TASK ITEM:
Starting at the line that contains "stethoscope with pile" and stopping at the line that contains "精车数控车刀杆双头刀杆外圆内孔共用一把机夹镗孔平头正反刀牛头", transcribe every line of the material below exactly; pictures stay out.

INFORMATION GIVEN:
-------------------------

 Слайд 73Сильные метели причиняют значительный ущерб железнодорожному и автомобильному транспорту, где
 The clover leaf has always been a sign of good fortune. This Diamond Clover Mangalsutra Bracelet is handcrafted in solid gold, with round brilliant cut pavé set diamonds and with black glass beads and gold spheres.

-------------------------

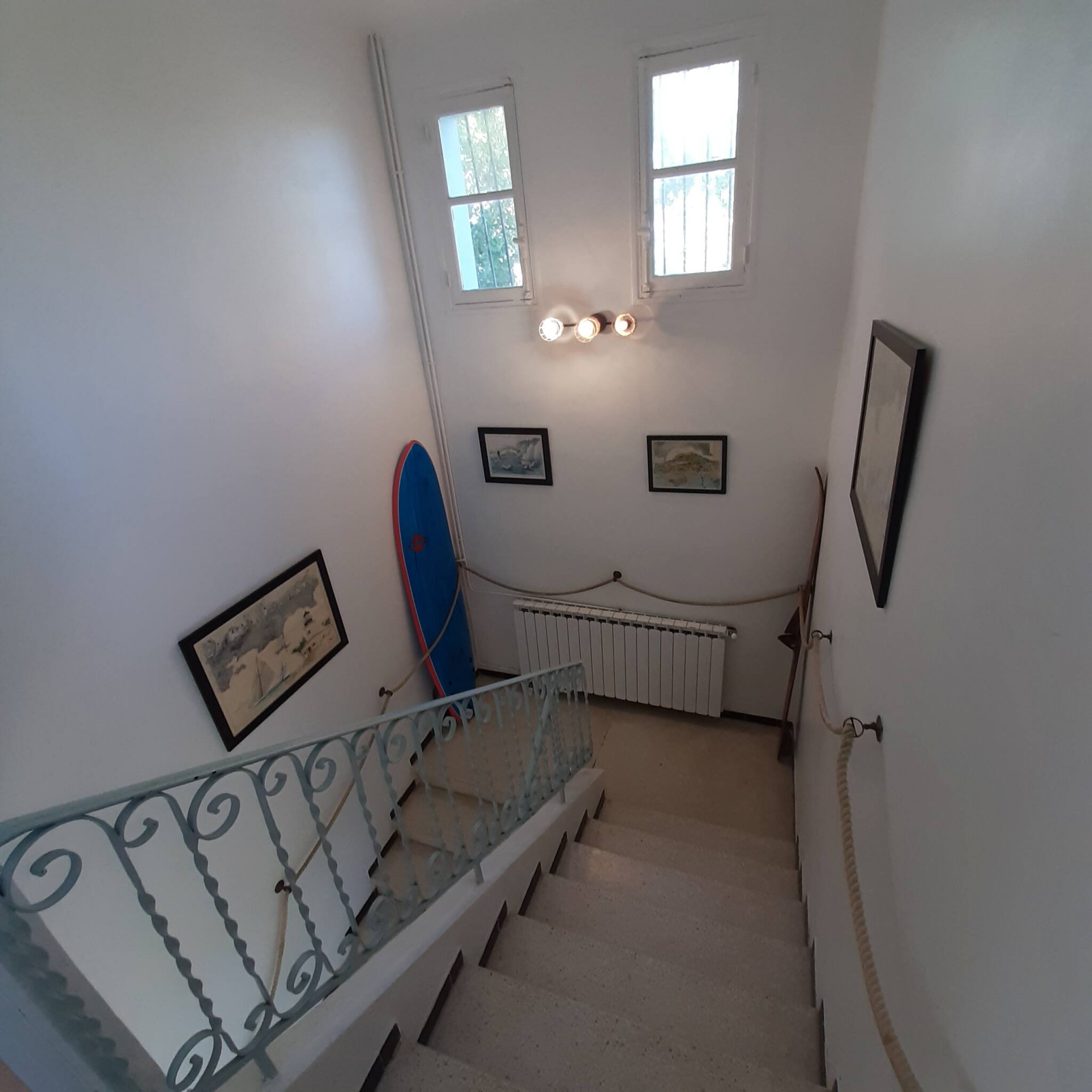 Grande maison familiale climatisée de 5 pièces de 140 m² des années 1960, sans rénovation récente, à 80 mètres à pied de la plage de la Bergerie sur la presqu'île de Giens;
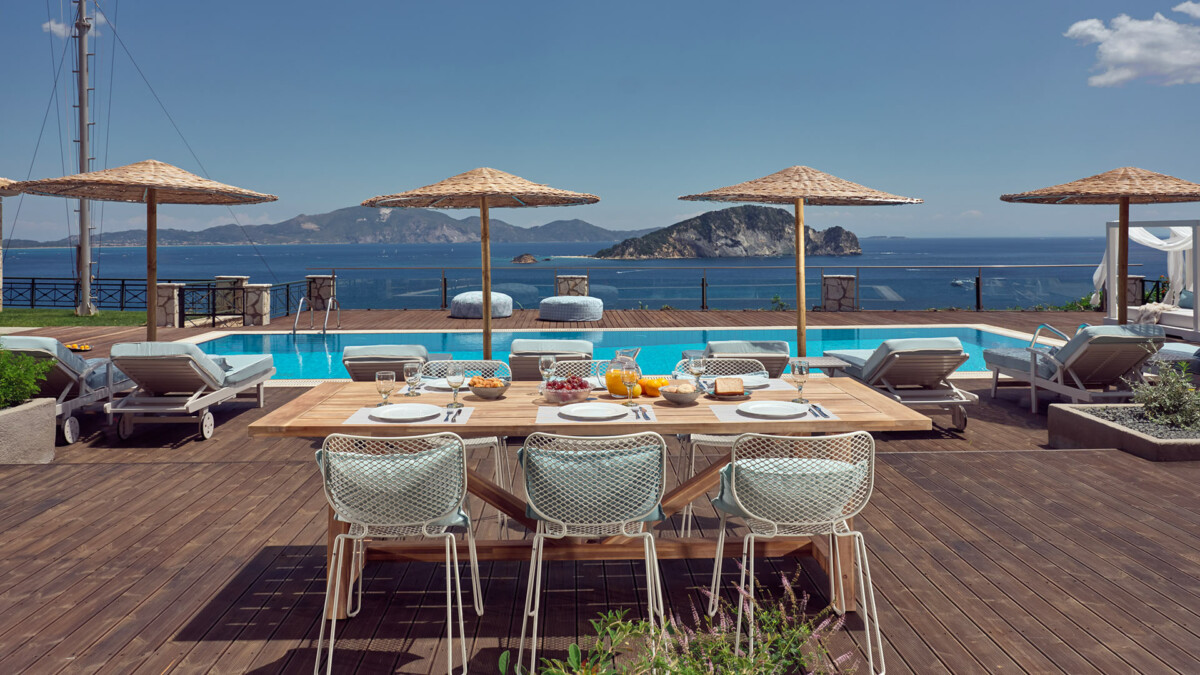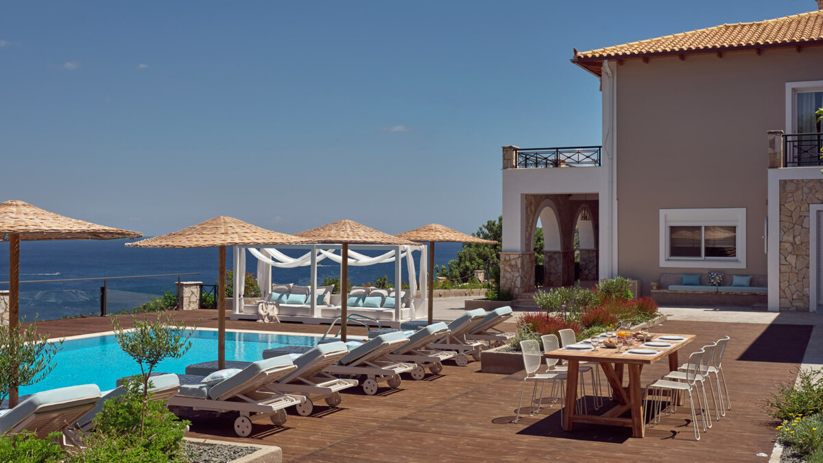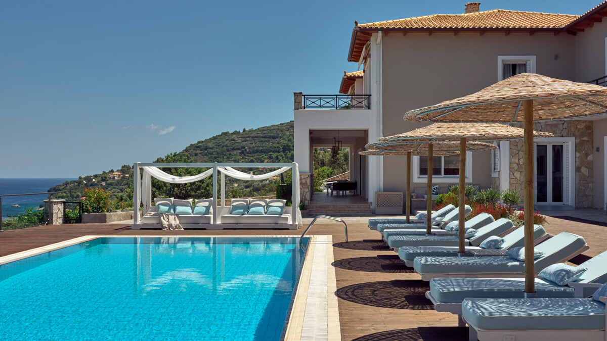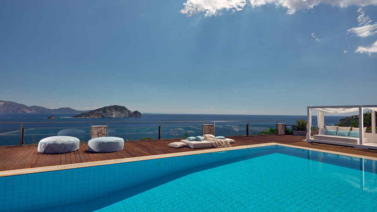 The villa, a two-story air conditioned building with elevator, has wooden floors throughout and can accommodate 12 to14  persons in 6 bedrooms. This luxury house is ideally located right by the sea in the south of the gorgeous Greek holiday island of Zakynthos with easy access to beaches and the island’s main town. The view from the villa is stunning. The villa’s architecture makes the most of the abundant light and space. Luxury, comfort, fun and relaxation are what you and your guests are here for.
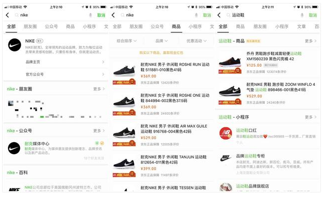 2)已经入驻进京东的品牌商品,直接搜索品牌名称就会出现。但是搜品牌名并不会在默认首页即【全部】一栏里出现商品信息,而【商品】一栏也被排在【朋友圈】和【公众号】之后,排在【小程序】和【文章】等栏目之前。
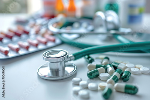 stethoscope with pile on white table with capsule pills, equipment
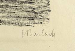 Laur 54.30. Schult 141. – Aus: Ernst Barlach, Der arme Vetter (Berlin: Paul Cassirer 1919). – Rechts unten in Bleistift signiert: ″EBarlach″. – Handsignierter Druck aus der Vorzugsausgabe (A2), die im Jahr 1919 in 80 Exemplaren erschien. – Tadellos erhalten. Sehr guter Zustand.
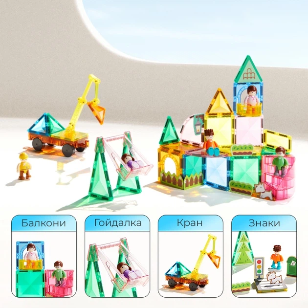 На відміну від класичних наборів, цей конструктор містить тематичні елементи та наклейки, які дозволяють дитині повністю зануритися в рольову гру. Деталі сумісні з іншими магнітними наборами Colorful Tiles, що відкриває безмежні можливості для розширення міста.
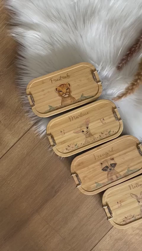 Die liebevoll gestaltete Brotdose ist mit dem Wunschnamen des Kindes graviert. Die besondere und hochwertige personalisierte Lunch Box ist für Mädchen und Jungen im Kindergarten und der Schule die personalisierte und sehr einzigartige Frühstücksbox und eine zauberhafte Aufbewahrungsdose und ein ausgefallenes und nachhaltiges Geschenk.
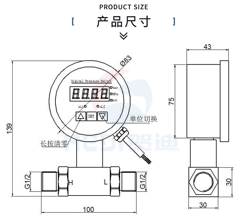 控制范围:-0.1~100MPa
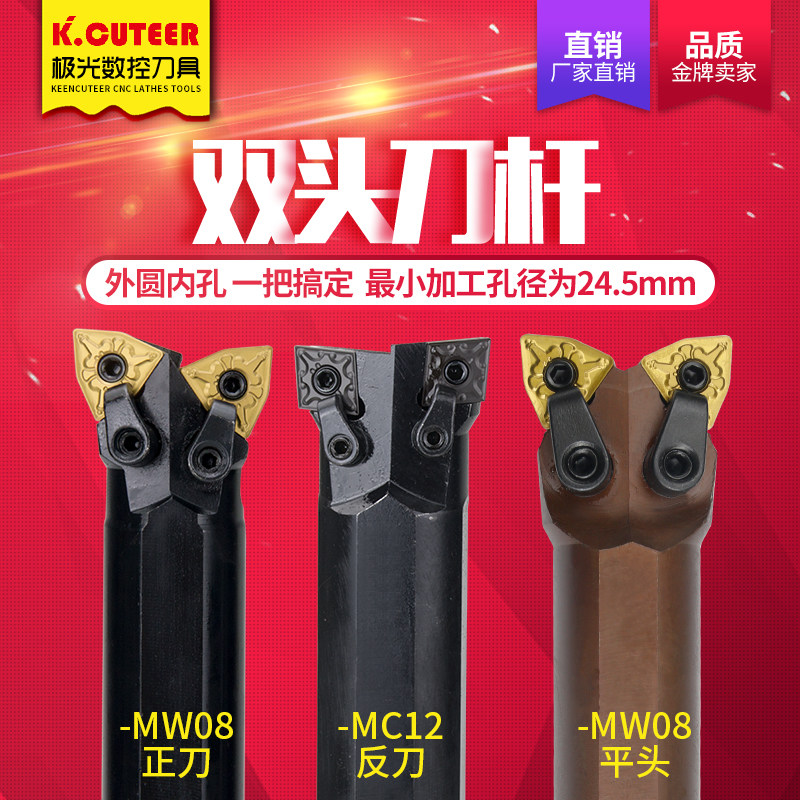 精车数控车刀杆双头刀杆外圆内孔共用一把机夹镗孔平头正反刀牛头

-------------------------

EXERCISE OUTPUT:
 stethoscope with pile on white table with capsule pills, equipment
 Laur 54.30. Schult 141. – Aus: Ernst Barlach, Der arme Vetter (Berlin: Paul Cassirer 1919). – Rechts unten in Bleistift signiert: ″EBarlach″. – Handsignierter Druck aus der Vorzugsausgabe (A2), die im Jahr 1919 in 80 Exemplaren erschien. – Tadellos erhalten. Sehr guter Zustand.
 На відміну від класичних наборів, цей конструктор містить тематичні елементи та наклейки, які дозволяють дитині повністю зануритися в рольову гру. Деталі сумісні з іншими магнітними наборами Colorful Tiles, що відкриває безмежні можливості для розширення міста.
 Die liebevoll gestaltete Brotdose ist mit dem Wunschnamen des Kindes graviert. Die besondere und hochwertige personalisierte Lunch Box ist für Mädchen und Jungen im Kindergarten und der Schule die personalisierte und sehr einzigartige Frühstücksbox und eine zauberhafte Aufbewahrungsdose und ein ausgefallenes und nachhaltiges Geschenk.
 控制范围:-0.1~100MPa
 精车数控车刀杆双头刀杆外圆内孔共用一把机夹镗孔平头正反刀牛头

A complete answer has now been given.